Work order: Given these entries, repeat exactly the lines starting with the one that has "4. Nyalain internet" and going on through the one that has "ZP1136A_2J Luxusný obraz", both included, but none of the pictures.

Data extract:

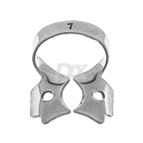 • кламп для молярів верхньої та нижньої щелепи. Особливість клампа – пласкі бічні щічки. Один з найменш агресивних клампів, може застосовуватися при реставрації I-класу за Блеком, якщо вона проводиться на фісурному карієсі.
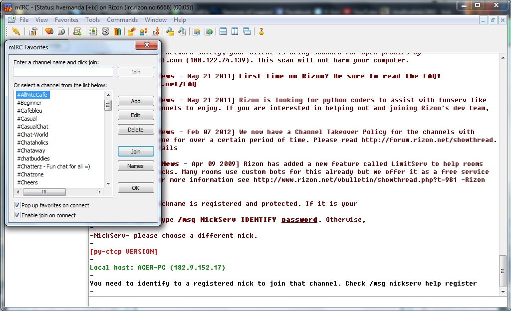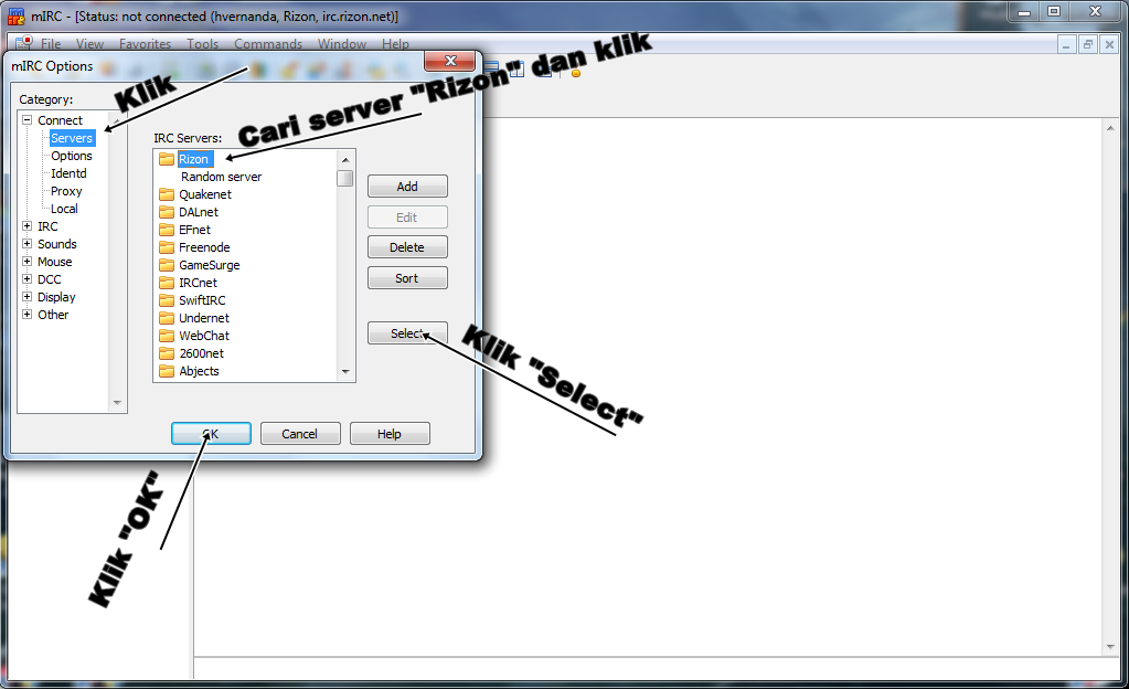 4. Nyalain internet (sudah jelas ) , jalankan program mIRC nya
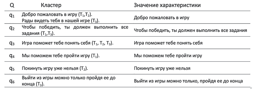 2. Для каждого кластера создать точную по смыслу формулировку характеристики.
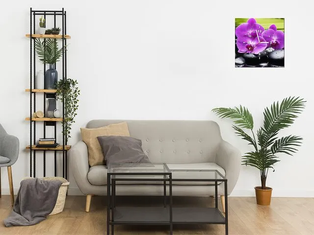 ZP1136A_2J Luxusný obraz s hodinami na stenu Kamene a orchidey |
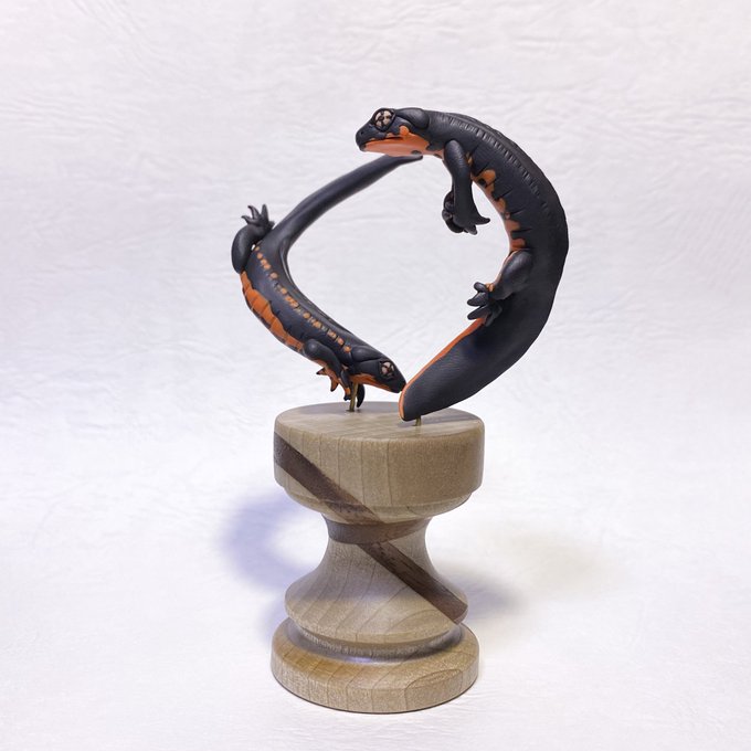 てことで新モノ「まわるアカハライモリ」 水中を泳ぐような動きのあるポーズに仕上げました。 個体差もいろんな角度から見てもらえたらと思います。 週末10/1,2の博物ふぇすてぃばるにて展示販売します。 #博物ふぇす #博物ふぇすてぃばる
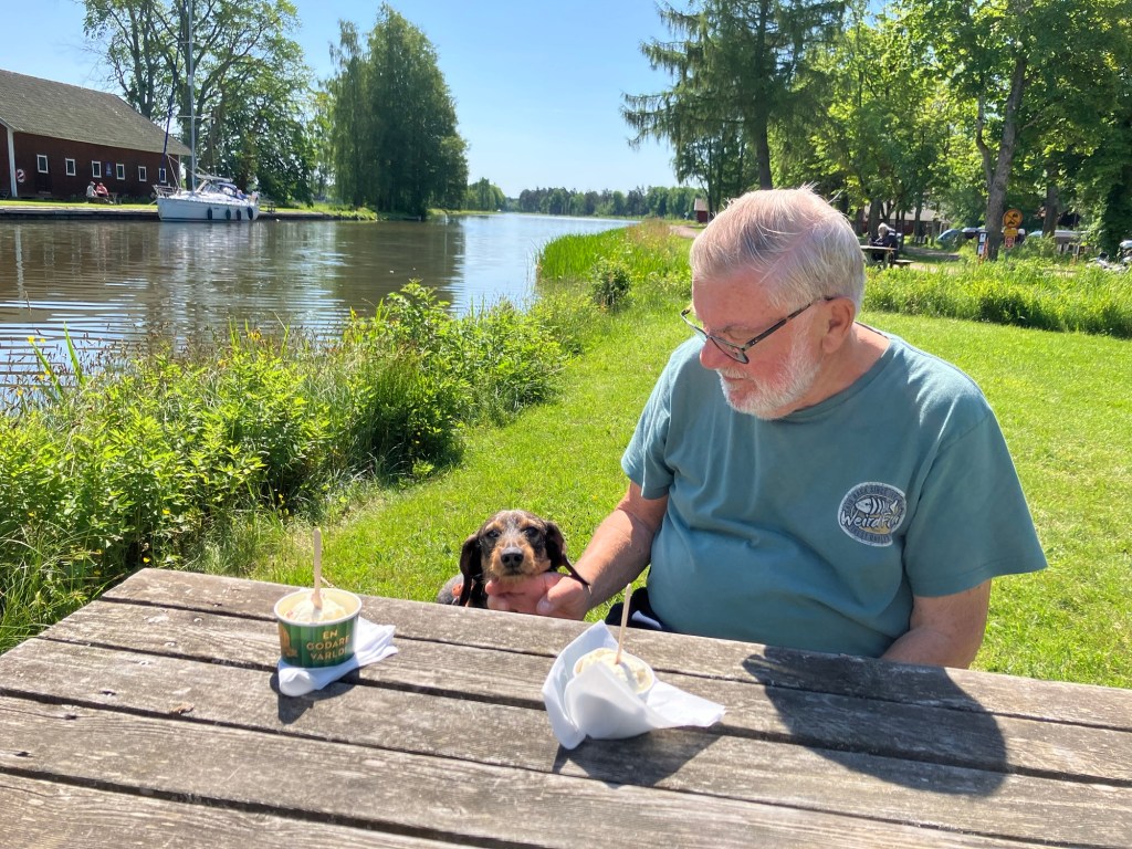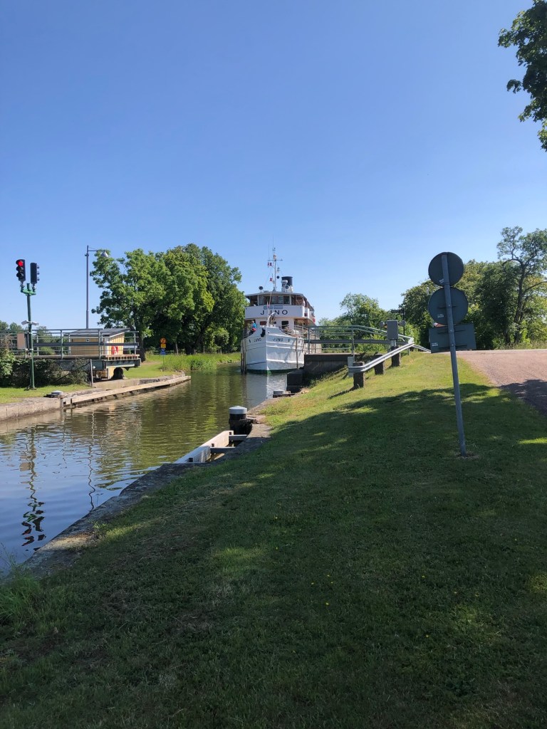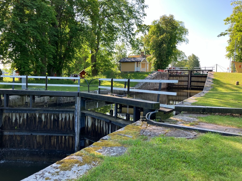 Deilig sommerdag og vi bestemmer oss for å tilbringe formiddagen frem til utsjekking kl. 12 på Hajstorp slusene, ja det er nemlig 2 sluser her helt inntil hverandre.

Answer to the exercise:
 4. Nyalain internet (sudah jelas ) , jalankan program mIRC nya
 2. Для каждого кластера создать точную по смыслу формулировку характеристики.
 ZP1136A_2J Luxusný obraz s hodinami na stenu Kamene a orchidey |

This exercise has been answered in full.